2-3 oz per plant with a month veg if each plant has around 1 foot of space each. 1 plant under that light could get you more than 5 plants all together, but 36 plants with no veg could get you even more, its impossable to say what you will yeild.


----------



## DookeyNugs408 (Mar 6, 2009)

9inch bigbud said:


> 2-3 oz per plant with a month veg if each plant has around 1 foot of space each. 1 plant under that light could get you more than 5 plants all together, but 36 plants with no veg could get you even more, its impossable to say what you will yeild.


i was just asking around what yield..the plants r kinda cramped tho


----------



## M Blaze (Mar 6, 2009)

9inch bigbud said:


> 1 plant under that light could get you more than 5 plants all together.


Exactly that because its possible to get over 1lbs from one plant using a 600w hps.


----------



## DookeyNugs408 (Mar 6, 2009)

M Blaze said:


> Exactly that because its possible to get over 1lbs from one plant using a 600w hps.

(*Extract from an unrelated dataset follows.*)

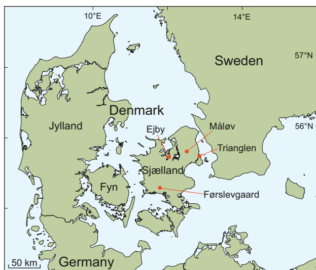
Fig. 1 Map of Denmark showing the location of Ejby and other Middle Pleistocene interglacial deposits on Sjælland discussed in the text.

Invertebrates are represented by shells of the bivalve Corbicula fluminalis (Fig. 3). The Pleistocene occurrence of this species was discussed by Meijer & Preece (2000), who concluded that the species was present only in temperate stages. Although mainly a fresh-water species that lives in rivers, it may have been able to tolerate slightly brackish conditions. It occurred in north-western Europe during the Early and Middle Pleistocene, whereas it was absent during the Last Interglacial. In Denmark, it has been found in interglacial deposits from the former Free Port in Copenhagen (Johansen 1904), a deposit nowadays referred to MIS 7 (Bennike et al. 2019). The species has also been reported from an interglacial deposit at Førslevgaard in southern Sjælland (Johansen 1904; location in Fig. 1). The age of the deposit at Førslevgaard is unknown, but its fauna indicates a Middle Pleistocene age.

so if i had one or two plants in my room with a 600? would it yield more just because they have more space and r less cramped?


----------



## M Blaze (Mar 6, 2009)

1 plant, 2 plants or 3 plants can still yield you a total of around 1lbs due to your lighting. My rule of thumb is that every 600watt hps can yield 1lbs but you must have the room to do this. It would also require FIMing and LST.


----------



## Jtoth3ustin (Mar 6, 2009)

you can get whatever your skills will let you...... ide say around 2-3 ounces a peice. just let um get like 3ft then flower [email protected]


----------



## DookeyNugs408 (Mar 6, 2009)

Jtoth3ustin said:


> you can get whatever your skills will let you...... ide say around 2-3 ounces a peice. just let um get like 3ft then flower [email protected]



just started flowering i let em get 2 - 2 1/2 feet then i flowered..peace


----------



## M Blaze (Mar 9, 2009)

got any pics?


----------



## Bucket head (Mar 9, 2009)

i got 14 zips off six plants under a 600w dual arc lamp...


----------



## Jtoth3ustin (Mar 9, 2009)

dual arc??? the MH and HPS bulbs??


----------